In this embodiment, the front and back conductors are of the same type (for example, aluminum), but may be a combination of copper foil and aluminum foil.
[0016]
One end of the antenna 2 is connected to the electrode 4a of the tuning capacitor 4 and the connection terminals PAD1, 2, and 3, and the other end of the antenna 2 is connected to the electrode 4b of the tuning capacitor 4 and the PADs 4, 5, and 6. PADs 7, 8, and 9 are provided in non-contact with PADs 4, 5, and 6, respectively. The PAD1 is wired with the aluminum electrode 5a of the trimming tuning capacitor 5, the PAD7 is wired with the aluminum electrode 5b of the trimming tuning capacitor 5, the PAD2 is wired with the aluminum electrode 6a of the trimming tuning capacitor 6, and the PAD8. Is connected to the aluminum electrode 6b of the trimming tuning capacitor 6, the PAD3 is wired to the aluminum electrode 7a of the trimming tuning capacitor 7, and the PAD9 is wired to the aluminum electrode 7b of the trimming tuning capacitor 7.
[0017]
At this time, PADs 1, 7, 4, PADs 2, 8, 5, PADs 3, 9, and 6 are arranged in a row.

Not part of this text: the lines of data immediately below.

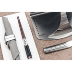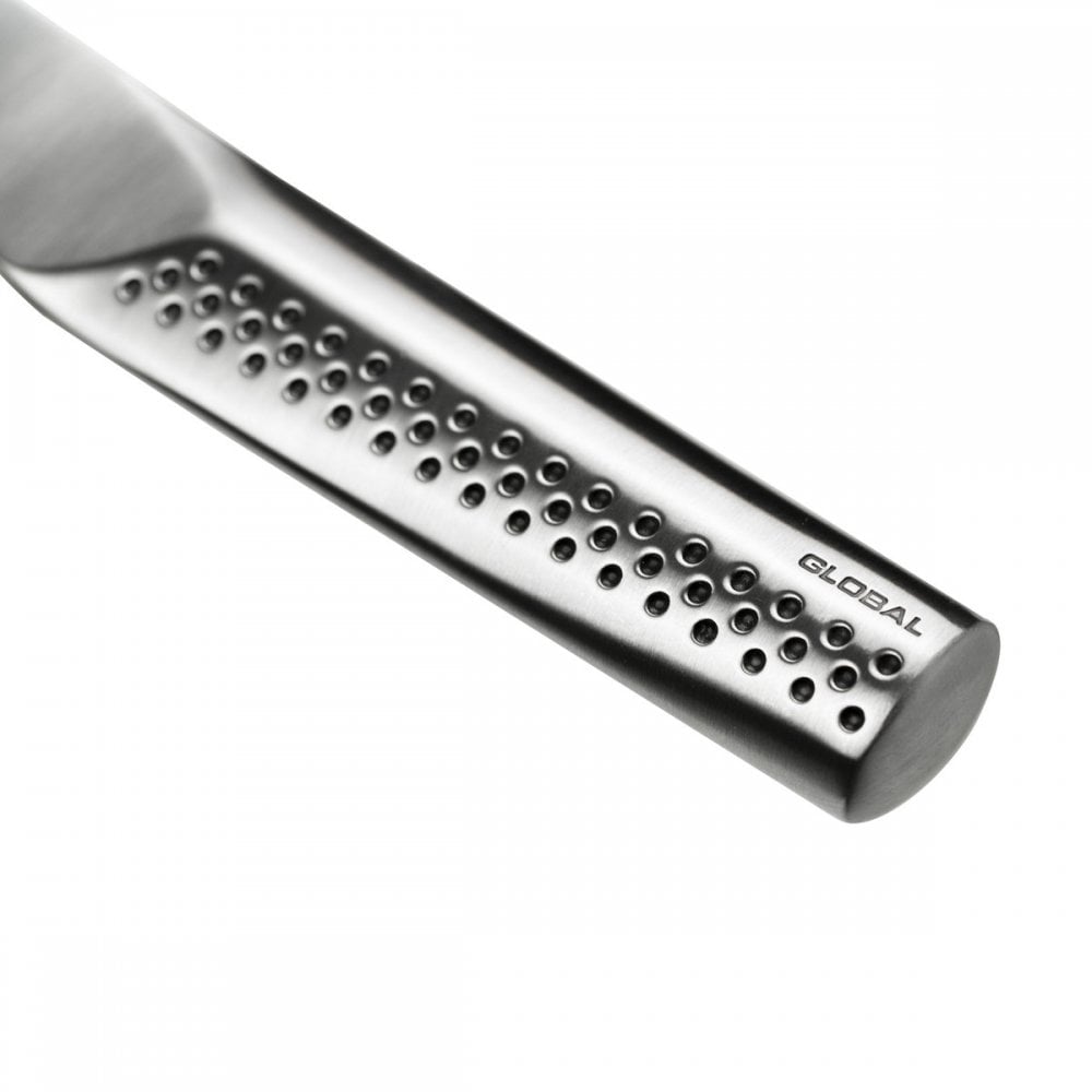 In true GLOBAL tradition, the knife is constructed from the best Stainless Steel material and the UKON series features thicker blades to enhance performance. UKON knives are subject to even more precise grinding and finishing work, making them 10 percent sharper out of the box. The knives are designed with an ambidextrous thumb rest that sits closer to the blade for added control and efficiency. The underside of the handle features GLOBAL's trademark indentations, making UKON knives extremely comfortable to hold.
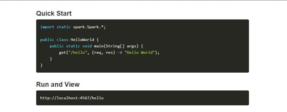Spark is built around Java 8's lambda philosophy, which makes a typical Spark application a lot less verbose than most application written in other Java web frameworks.Spark focuses on being as simple and straight-forward as possible, without the need for cumbersome (XML) configuration, to enable very fast web application development in pure Java with minimal effort.
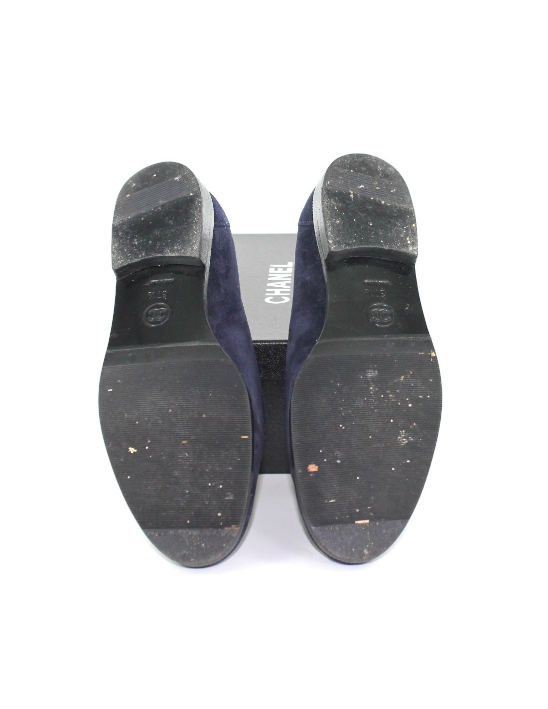 Mocassins CHANEL en veau velours bleu marine T 37,5

As shown in FIG. 2, the LSI 9 is provided with an antenna PAD10, an antenna PAD11, and a trimming capacitor connection PAD12 wired to the antenna PAD11 and aluminum. The PADs 10, 11, and 12 are configured by gold bumps. At this time, the PADs 10, 12, and 11 are arranged in a row.
[0018]
Thus, the mounting position of the LSI 9 is such that the PADs 1, 4, and 7 face the PADs 10, 11, and 12, as shown in FIG. 3, and the PADs 2, 5, and 8 are, as shown in FIG. As shown in FIG. 5, the PADs 3, 6, and 9 can be mounted at three opposing positions. By mounting this LSI 9, a wireless inlet is created. This wireless inlet is operable with the LSI 9 mounted on the board 2.
[0019]
At this time, a flip chip in which the PADs 10, 11, 12 as the gold bumps and any of the PADs 1, 4, 7, or PADs 2, 5, 8, or PADs 3, 6, 9 as the wiring pattern of the substrate 2 are bonded with an adhesive. The LSI 9 is mounted on the board 2 by the method.
[0020]
When the PADs 1, 11, and 12 of the LSI 9 are mounted in a state where the PADs 1, 4, and 7 of the substrate 2 face each other as shown in FIG. 3, an equivalent circuit as shown in FIG. A small capacitance (2 pf) for correction of the tuning capacitor 5 for trimming is added to the capacitance of 4 (20 pf). The capacitance of the tuning capacitor 4 is a value obtained by subtracting the variation in the capacitance of the capacitor inside the LSI 9 from the capacitance required for the resonance frequency f.
[0021]
In this case, assuming that the capacitance of the LSI 9 is C, the resonance frequency f is
f = 1 / 2π√ (L (20 + 2 + C))
It becomes.
[0022]
As shown in FIG. 4, when the PADs 2, 5, and 8 of the substrate 2 are mounted so as to face the PADs 10, 11, and 12 of the LSI 9, an equivalent circuit as shown in FIG. A small capacitance (4 pf) for correction of the tuning capacitor 6 for trimming is added to the capacitance of 4 (20 pf).
[0023]
In this case, assuming that the capacitance of the LSI 9 is C, the resonance frequency f is
f = 1 / 2π√ (L (20 + 4 + C))
It becomes.
[0024]
When the PADs 10, 11, and 12 of the LSI 9 are mounted in a state where the PADs 1, 4, and 7 of the substrate 2 face each other as shown in FIG. 5, an equivalent circuit as shown in FIG. A small capacitance (6 pf) for correction of the trimming tuning capacitor 7 is added to the capacitance of 4 (20 pf).
[0025]
In this case, assuming that the capacitance of the LSI 9 is C, the resonance frequency f is
f = 1 / 2π√ (L (20 + 6 + C))
It becomes.
As described above, the wireless card 1 is made by making an inlet, arranging resin sheets on the front and back sides, integrating them by hot pressing, and punching into a card shape.
[0026]
The LSI 9 includes a power generation unit 21, a demodulation circuit 22, a control logic circuit 23, a modulation circuit 24, a memory 25, and a clock generation circuit 26, as shown in FIG.
[0027]
A signal from the card reader / writer is received by the tuning circuit 8. The received signal is demodulated by the demodulation circuit 22 and sent to the control logic circuit 23, where command analysis is performed. As a result, the control logic circuit 23 writes data to or reads data from the memory 25 according to the contents of the command. The control logic circuit 23 reads data from the memory 25 and sends the data to the modulation circuit 24. The modulation circuit 24 modulates the data and transmits it to the card reader / writer by the tuning circuit 8.
[0028]
The power generation unit 21 generates power to be consumed in the wireless card 1 based on the reception signal from the tuning circuit 8.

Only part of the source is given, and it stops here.